How we cite our quotes: Book Number, Line Number
Quote #4
"advise him of his happy state—
Happiness in his power left free to will,
Left to his own free will, his will though free
Yet mutable" (5.234-7).
The repetition of "free will" in this passage points to its importance and centrality in the poem, but the tortured syntax makes the issue more complicated than a simple matter of emphasis. Adam can control his own happiness ("left free to will"), but free will can turn into something else if he's not careful. What exactly? We're not sure.
Quote #5
"The monstrous sight
Strook them with horror backward but far worse
Urged them behind: headlong themselves they threw
Down from the verge of Heav'n" (6.862-5).

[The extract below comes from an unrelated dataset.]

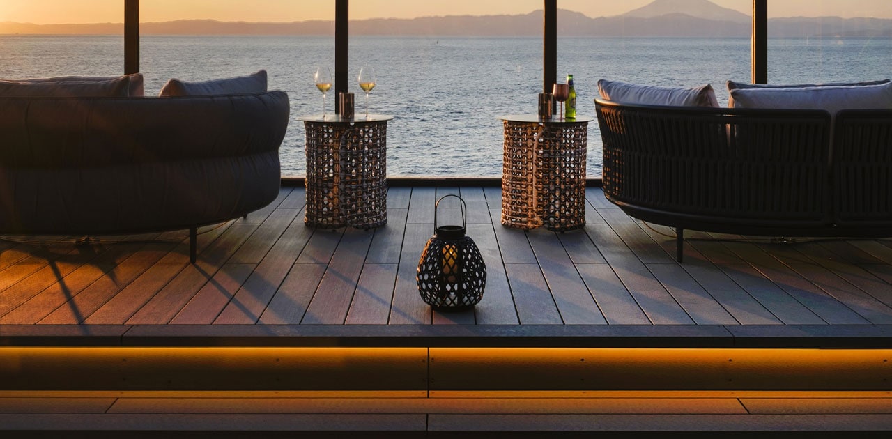 そして、このリゾートでの滞在のもうひとつのハイライトとなるのが、最上階の「ルーフトップラウンジ 宵星(よいぼし)」。フリーフローでワインやカクテルなどを用意し、グラスを片手に180度の絶景を満喫。

At the end of the war in Heaven, the rebel angels throw themselves out of God's kingdom. Wait a minute. What? The fact that they hurl themselves over the edge makes the point about free will perfectly clear: they have nobody to blame – not God, not fate, not predestination – but themselves.
Quote #6
"Firm they might have stood,
Yet fell; remember, and fear to transgress" (6.910-1).
Once again, things could have gone better for Satan if he had "stood." The idea of standing (and its associated rhetoric of uprightness, erectness, etc.) is an important figure or trope in the poem. Courageous figures who do the right thing stand (like Abdiel) while disobedient ones don't. Standing implies effort, which implies free will.